Ed de Moel

Child Ballads - Additions and Corrections

55. The Carnal and the Crane

P. 7. Printed in Bullen's Carols and Poems, 1886, p. 49, with Sandys's text, a.

Legend of the Sower. I omitted to mention 'La Fuito en Egypto,' in Arbaud, I, 33 ff. The legend of the sower is the subject of a carol in the Bible des Noëls, printed at Caen: Beaurepaire in Le Héricher, Litterature pop. de Normandie, p. 81 f. Also, of a Dutch carol, J.A. and L.J. Alberdingk-Thijm, Oude en nieuwere Kerstliederen, p. 138, No 70.

Victor Smith gives two copies in Noëls du Velay et du Forez, Romania, VIII, 420 f. R. Köhler. In the second the quail plays the part of the partridge, the swallow befriends the Virgin. V. Smith refers also to Eugene Muller, Chansons de mon Village, journal Le Mémorial de la Loire du 23 septembre, 1867.

Dr. R. Köhler has furnished me with these additional references.

A French Life of the Virgin, cited from a Manuscript of the thirteenth century, by Reinsch, Pseudo-Evangelien, pp. 60-64.

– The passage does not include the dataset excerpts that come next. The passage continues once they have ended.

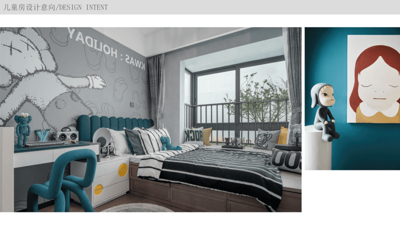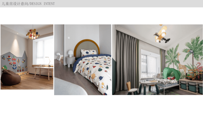 兒童房 主要以學(xué)習(xí)空間為主,用軟裝飾品來區(qū)分性別,如果業(yè)主孩子年紀(jì)較小也可以將這個房間當(dāng)做親子互動區(qū),小孩子都比較愛創(chuàng)造,那么可以設(shè)計(jì)一面黑板墻或者積木墻用來“亂涂亂畫”。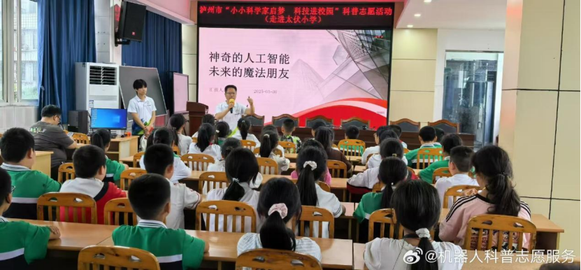 在全国科技工作者日来临之际,泸州市智能机器人科普基地、泸州职业技术学院科普志愿服务队师生志愿者携手走进泸州市太伏镇中心小学校,为三至五年级600余名师生带来一场以“致敬科技工作者,播撒科学新希望”为主题的大型科普活动。本次活动围绕安全与急救、人工智能、无人机、3D打印等16个主题展开,通过室内讲座与户外体验相结合的方式,以实际行动弘扬科学精神,践行高校社会责任。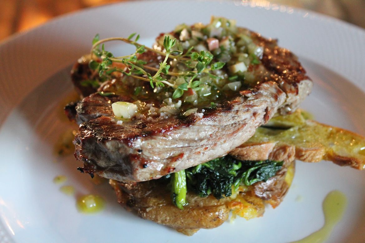 - Black pork steak, toast, mushrooms, egg and black truffle
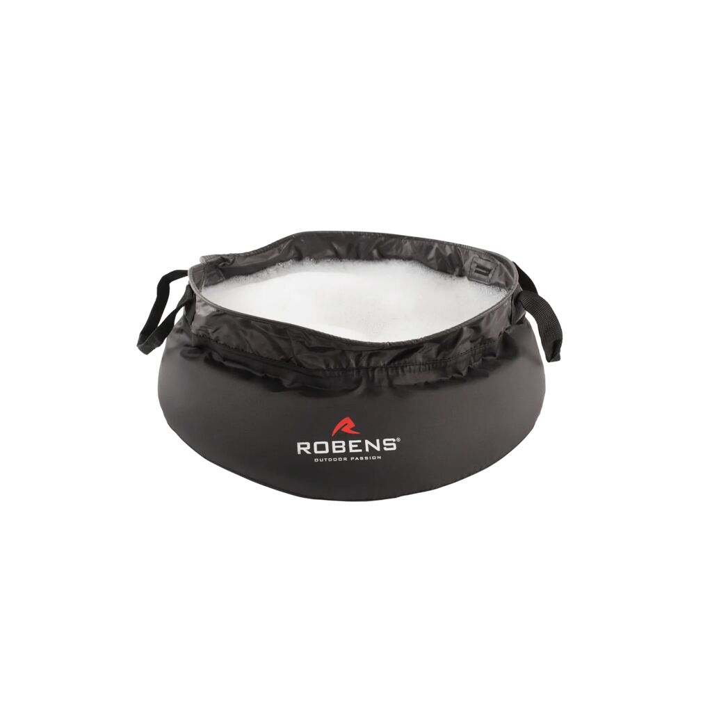 Veelzijdige opvouwbare bak van sterk nylon, geschikt voor bijvoorbeeld het vervoeren van water, afwassen of persoonlijke hygiëne (bestand tegen warm water en reinigingsmiddelen). De bak heeft een inhoud van 10 liter en een stevige bodem en sterke handgrepen om hem te dragen.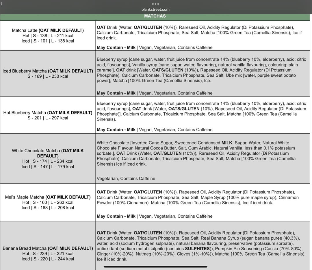 None of the calories match up and I’m so confused about which one is the most accurate. For example, the white chocolate matcha is listed as 135-165 cals in the first menu, 155-185 cals in the second, and then in the third menu the calories range from 147-234 cals. There are some items on the menus with even greater differences across various menus. Can someone please tell me which one is most accurate?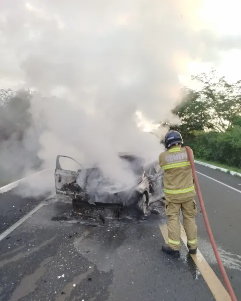 De acordo com as informações iniciais, o condutor de um veículo modelo Polo conseguiu sair do automóvel antes que as chamas se alastrassem, evitando ferimentos mais graves.

Ferdinand Wolf, Jahrbuch für romanische und englische Literatur, III, 73, cites from Didron, Annales Archéologiques, XVI, 315, 1856, a mystery of The Flight into Egypt, which has the legend of the Sower, in Noëls dramatiques des Flamands de France, publiés par l'abbé Carnel. This mystery was apparently written in the eighteenth century, for representation by a charity-school.

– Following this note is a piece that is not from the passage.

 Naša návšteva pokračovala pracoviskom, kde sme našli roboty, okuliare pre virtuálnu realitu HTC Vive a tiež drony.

The legend is popularly preserved in Ireland, and a species of beetle is the Virgin's enemy, in place of the partridge or quail (p. 8, note †): E. Adams in Transactions of the London Philological Society, cited by Holland, Faune populaire de la France, III, 326. The same story in Notes and Queries, Fourth Series, X, 183.

The miraculous harvest is the subject of a Catalan popular tale, 'La Menta y 'l Gaitx,' Maspons y Labrós, Lo Rondallayre, II, 28. A hawk seconds the mint in calling out, Under the sheaf! Again, simply, without the trait of the malicious plant or bird, in Leite de Vasconcellos, Tradições pop. de Portugal, p. 106. (Juniper, according to Italian tradition, saves the Virgin during her flight, when broom and chick-pea are on the point of revealing her whereabouts by their noise: De Gubernatis, Mythologie des Planter, II, 153.)

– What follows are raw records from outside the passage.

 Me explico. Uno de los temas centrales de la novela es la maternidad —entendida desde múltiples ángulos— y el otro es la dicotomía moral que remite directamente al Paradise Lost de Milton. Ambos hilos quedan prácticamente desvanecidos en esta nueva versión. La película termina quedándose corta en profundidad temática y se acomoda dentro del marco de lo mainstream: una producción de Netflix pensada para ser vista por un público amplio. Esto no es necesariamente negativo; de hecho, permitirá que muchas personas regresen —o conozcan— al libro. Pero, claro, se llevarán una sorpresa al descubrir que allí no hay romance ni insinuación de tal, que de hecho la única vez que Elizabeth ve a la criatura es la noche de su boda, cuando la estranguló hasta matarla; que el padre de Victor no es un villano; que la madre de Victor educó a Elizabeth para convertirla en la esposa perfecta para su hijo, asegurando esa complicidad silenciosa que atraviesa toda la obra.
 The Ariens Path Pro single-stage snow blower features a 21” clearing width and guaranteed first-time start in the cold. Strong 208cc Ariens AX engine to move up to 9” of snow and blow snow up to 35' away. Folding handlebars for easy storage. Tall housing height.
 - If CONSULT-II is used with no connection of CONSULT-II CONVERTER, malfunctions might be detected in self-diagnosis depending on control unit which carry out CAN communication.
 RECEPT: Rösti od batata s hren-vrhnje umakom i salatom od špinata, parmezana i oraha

The legend has been transferred by tradition to St. Radegund, Acta Sanctorum Augusti, III, 66; to St. Macrina, pursued by Gargantua, Sébillot, Gargantua dans les Traditions populaires, p. 173; and even to Luther, von Schulenburg, Wendische Volkssagen, p. 47. It is cited from the 145th book of the works of Bernard de Bluet d'Arberes, by P.L. Jacob, Dissertations Bibliographiques, p. 195.